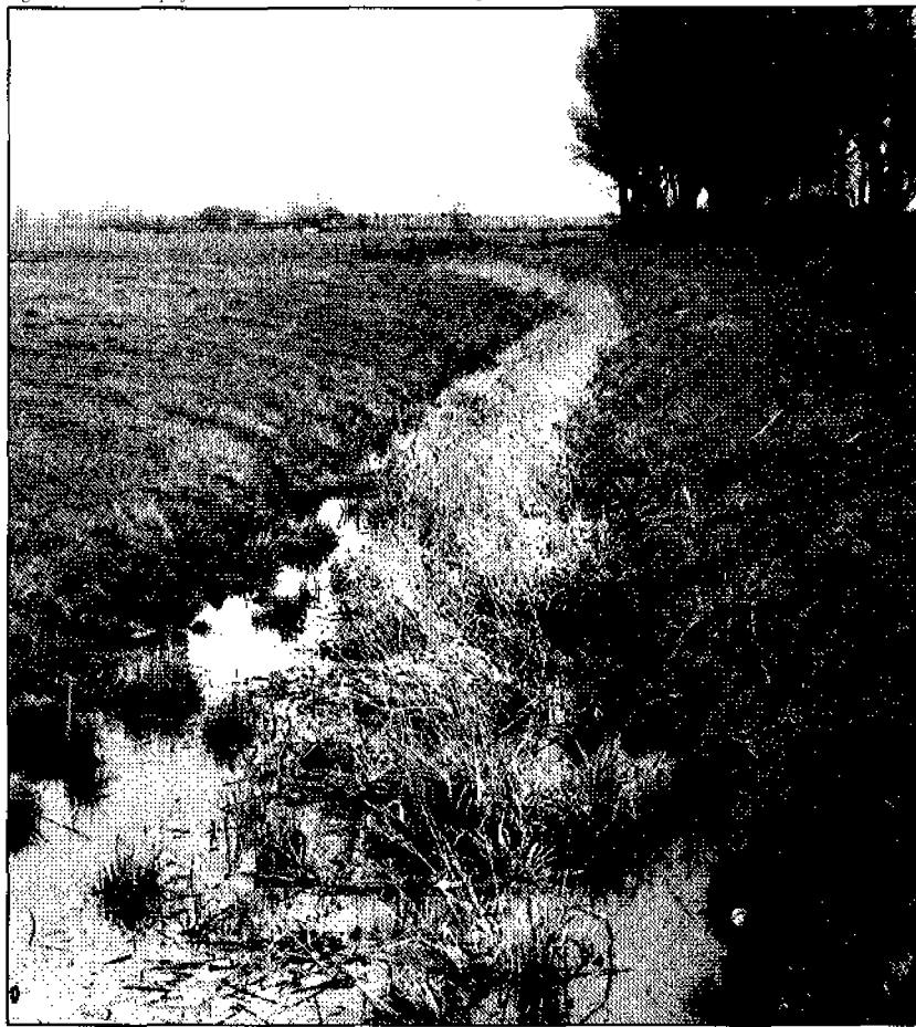
fig 4. Gezicht op de Hunze vanaf het Boterdiep 17). Hier dreigt beplanting in het kader van het project "Hunzebos"

hier de oude bedding geflankeerd door markante oewewallen. Molshopen tonen duidelijk het contrast tussen de zwarte venige verlandde bedding en de grijzige zandige klei van de westelijke oewewal. Deze volgorde: oewewal, bedding met sloot en weg (zie fig 2) is typerend voor de Hunzerestanten. Bij Oude Roodehaan is de Hunze opnieuw goed zichtbaar. Even voorbij het tolhuisje liggen links van de weg mooie oewewallen (3; fig 3). Tot in Euvelgunne, nabij de woon-schepenhaven, blijft de begeleidende weg opvallend bochtig (4). Een deel van deze weg valt in een sluiproute tussen de woonwijk Lewenborg en de stad Groningen. Duizenden Groningers nemen hier dagelijks met grote snelheid de flauwe bochten in de weg, velen on-
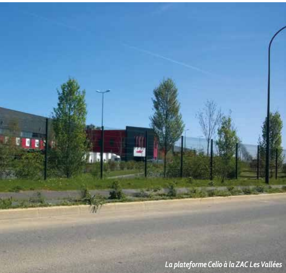
La plateforme Celio à la ZAC Les Vallées

lieux" de l'ensemble des structures et équipements. Réfléchir aux atouts du territoire permettra ainsi de dégager les principaux enjeux en matière d'évolution démographique, de logement, de déplacement sur le territoire, de développement économique, d'aménagement de l'espace, d'équipement, de services et de protection environnementale.
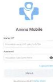
Gambar 1. 3 halaman login app admin

Setelah splash screen beberapa saat, maka aplikasi akan menampilkan halaman login.
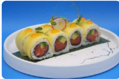
169. Mango maki salmone, avocado, philadelphia, mango € 10,00
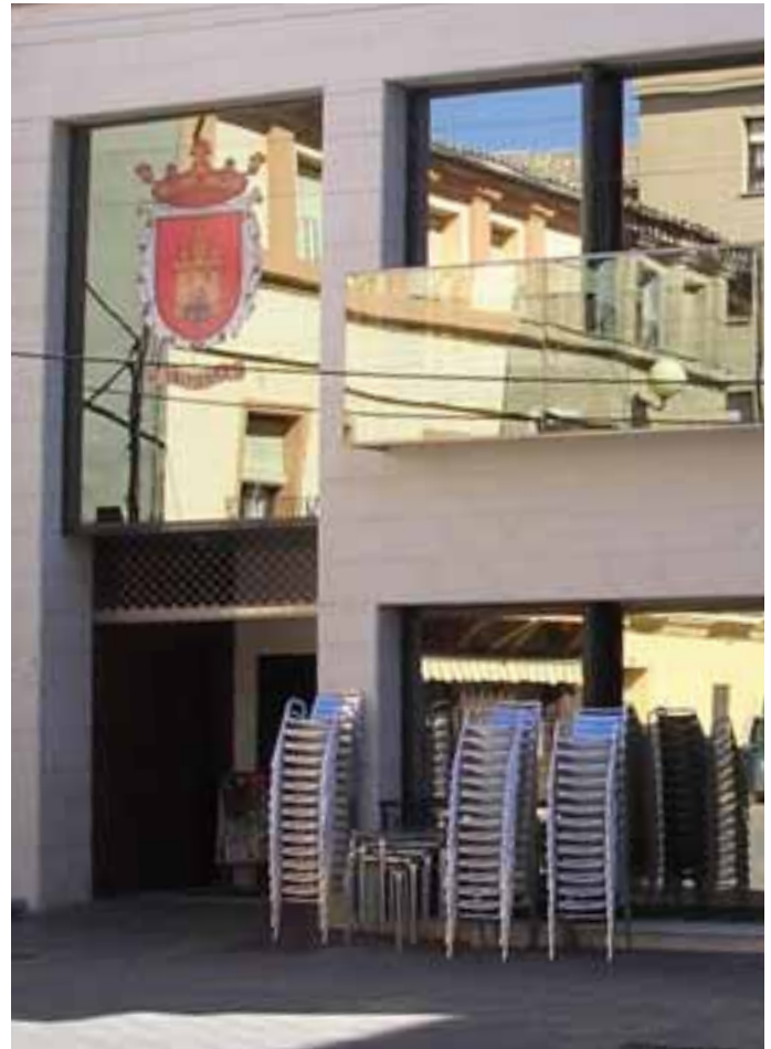
Fachada del Centro Cívico.
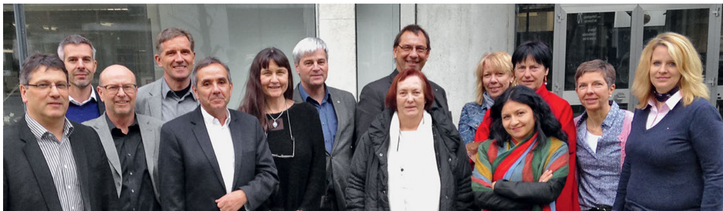
Hohe Sozialkompetenz ist gefordert.
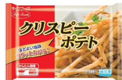
⑩クリスピーポテト 250g アメリカ
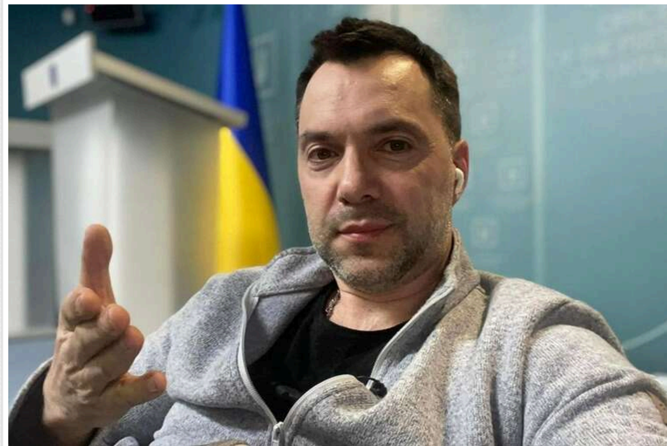
Зеленський ввів у дію нові санкції РНБО: у списку Арестович, Олешко, Бондаренко та інші

Указом Зеленського запроваджуються санкції РНБО проти Арестовича, Олешка та інших.
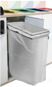
Aro Sujetabolsas extraíble
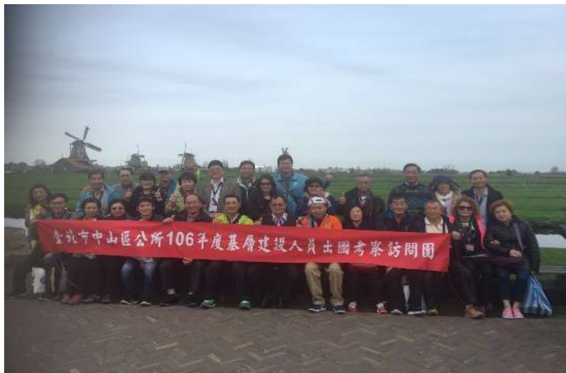
圖片說明：參訪風車村
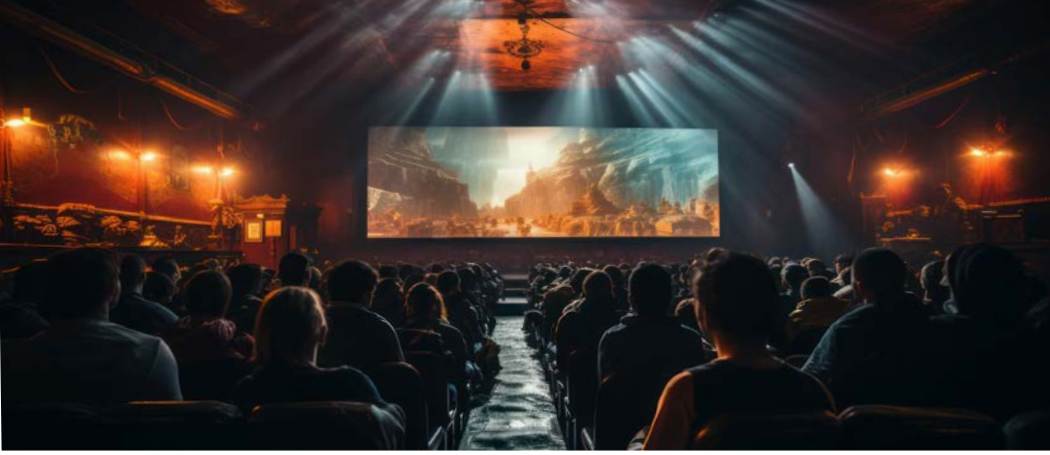
Görsel 2.8: Film festivali
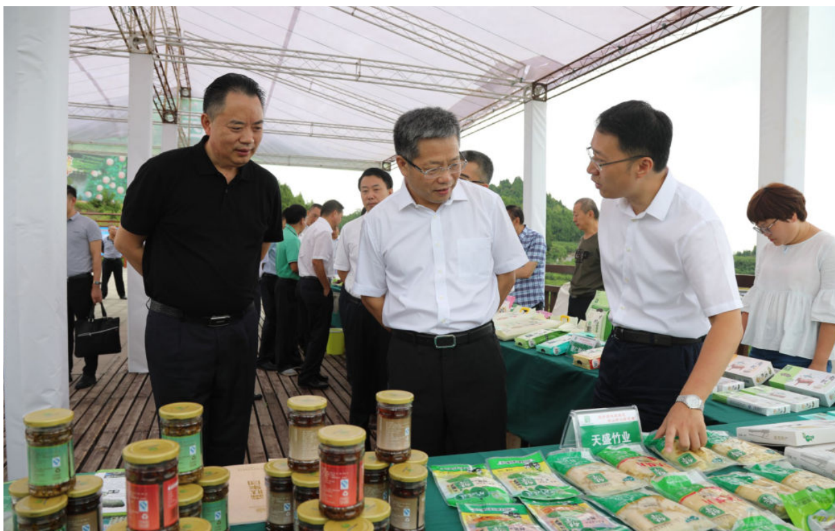
8月22日，广西壮族自治区政协副主席、百色市委书记、市人大常委会主任彭晓春（中）带领百色市党政代表团到西充县考察脱贫攻坚工作
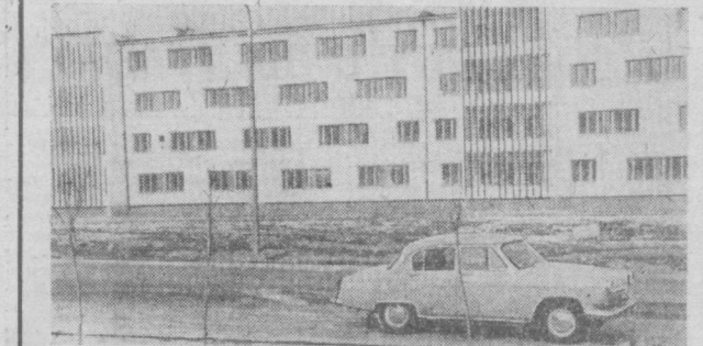
В микрорайоне Ц-6 города строятся четыре жилых кооперативных дома. НА СНИМКЕ: новый жилой кооперативный дом, который скоро будет сдан в эксплуатацию.

Институтом животноводства Министерства сельского хозяйства Узбекской ССР путем отбора создан улучшенный сорт кукурузы «Имеретинский гибрид». Урожай зеленой массы с опилочных участков составляет 600—700 центнеров с гектара, зерна — 40—45. Экспериментальная база института «Красный водопад» выращивает кукурузу «Имеретинский гибрид» на семенном и ежегодном реализует их в другие хозяйства нашей республики и за ее пределами. Путем массовой селекции создан и сорт скороспелого сорта, получивший название «Чилин». Сорт районирован по республике. Ежегодно семена сорто передаются совхозам республики, а также отправляются в Туркмению и Таджикистан для дальнейшего их районирования. Институтом создан высокоурожайный и выносливый сорт джугары «Игант Узбекистана», который районирован по республикам Средней Азии и Южного Казахстана. Также на государственное сортоиспытание приняты 2 новых сорта джугары на зерно «Узбекская-2» и «Кларн Узбекистана». Семена новых высокоурожайных сортов кукурузы, джугары и сорго пользуются спросом как в соседних братских республиках, так и за рубежом (Афганистан, Гвинея, Сомали, Иран, Болгария, Югославия).
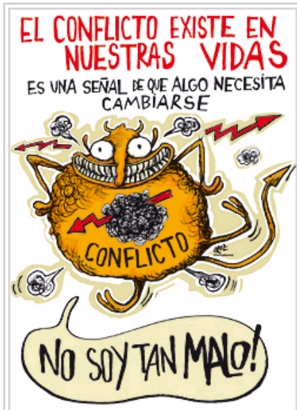
Cartel de la exposición: la existencia de conflictos.
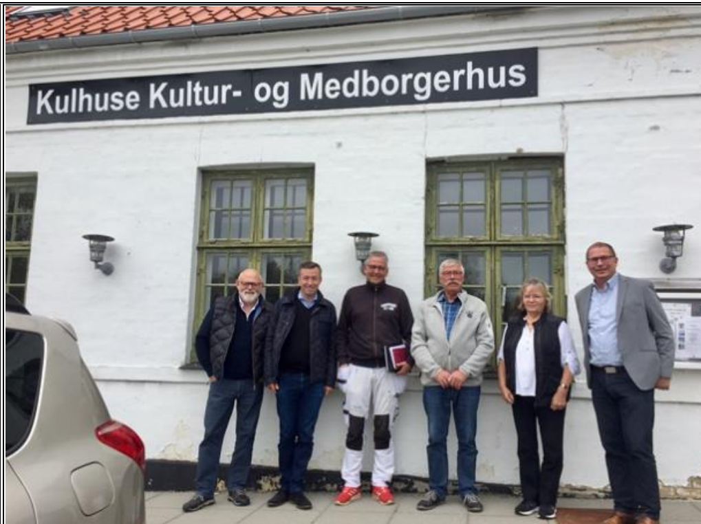
Udvalget for By og Land på besøg hos Kulhuse Kultur- og Medborgerhus.

_Required action_.
Print everything from the line with "La plateforme Celio à la ZAC Les Vallées" down to the line with "В микрорайоне Ц-6" in the entries above, both lines included and nothing more, without the pictures.

_Task response_.
La plateforme Celio à la ZAC Les Vallées

lieux" de l'ensemble des structures et équipements. Réfléchir aux atouts du territoire permettra ainsi de dégager les principaux enjeux en matière d'évolution démographique, de logement, de déplacement sur le territoire, de développement économique, d'aménagement de l'espace, d'équipement, de services et de protection environnementale.
Gambar 1. 3 halaman login app admin

Setelah splash screen beberapa saat, maka aplikasi akan menampilkan halaman login.
169. Mango maki salmone, avocado, philadelphia, mango € 10,00
Fachada del Centro Cívico.
Hohe Sozialkompetenz ist gefordert.
⑩クリスピーポテト 250g アメリカ
Зеленський ввів у дію нові санкції РНБО: у списку Арестович, Олешко, Бондаренко та інші

Указом Зеленського запроваджуються санкції РНБО проти Арестовича, Олешка та інших.
Aro Sujetabolsas extraíble
圖片說明：參訪風車村
Görsel 2.8: Film festivali
8月22日，广西壮族自治区政协副主席、百色市委书记、市人大常委会主任彭晓春（中）带领百色市党政代表团到西充县考察脱贫攻坚工作
В микрорайоне Ц-6 города строятся четыре жилых кооперативных дома. НА СНИМКЕ: новый жилой кооперативный дом, который скоро будет сдан в эксплуатацию.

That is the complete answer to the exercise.